As well as meeting other officers on an unofficial footing perhaps Richards was invited to socialise with the Bowring family on at least one occasion for the governor threw a Christmas party while the Saracen was undergoing its overhaul. Given that for the next two years Richards would be almost wholly engaged on work that could be directly attributed to the new treaty with Siam, which soon became known as the Bowring treaty, it would have been fitting for him to be invited. In the Hong Kong climate the party would hardly have met the snowy Dickensian ideal, but at least plum pudding was served.

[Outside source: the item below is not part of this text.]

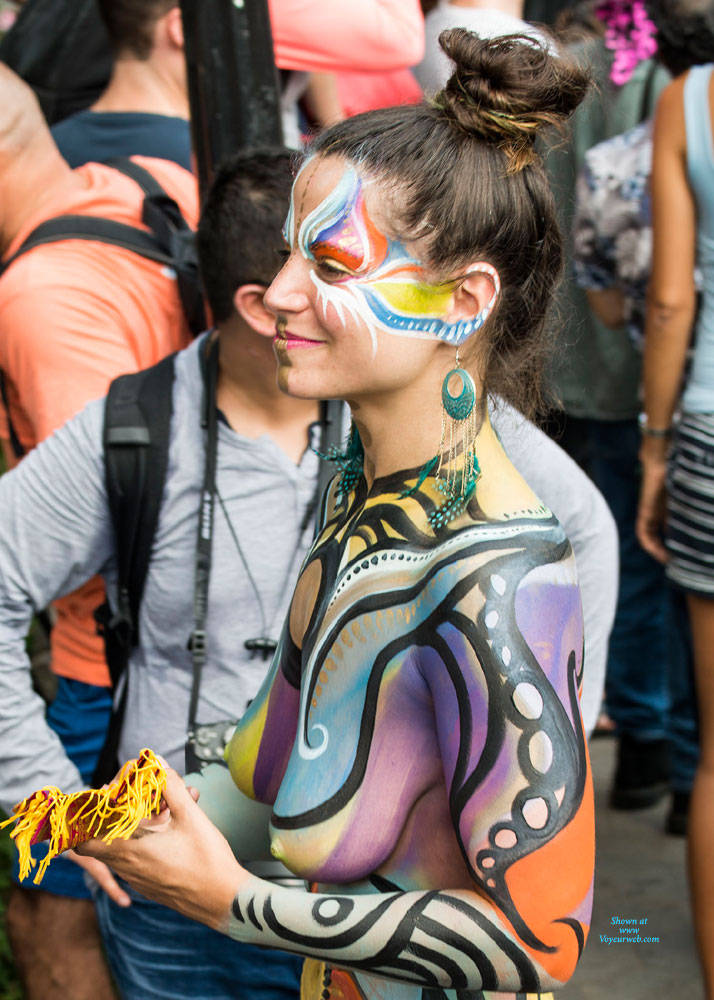 On Summer weekends in NYC, body painting for artistic purposes is allowed.  These photos are from July 2018 and show residents and tourists who choose to get naked and painted.

The Saracen left Hong Kong on January 5th 1856 under orders to sail to the Gulf of Siam. Some of her crew, remembering surveys made on the voyage from Plymouth, may not have looked forward to further work in a tropical climate. Admiral Krusenstern had a lifelong friend in the distinguished British naval officer Sir John Ross, who, in fact, edited the ‘Memoir of Admiral de Krusenstern’. They corresponded on all manner of naval matters and both men agreed that sailors of ruddy complexion, short stature and hearty appetites were more fitted to work in cold climates whereas those of an apparently weak constitution survived better in the tropics. Whatever the constitutional balance amongst the sailors of the Saracen the ship made good progress and after skirting the Paracel Islands and reached Pulo Obi, where the Gulf of Siam might be said to begin, on January 11th.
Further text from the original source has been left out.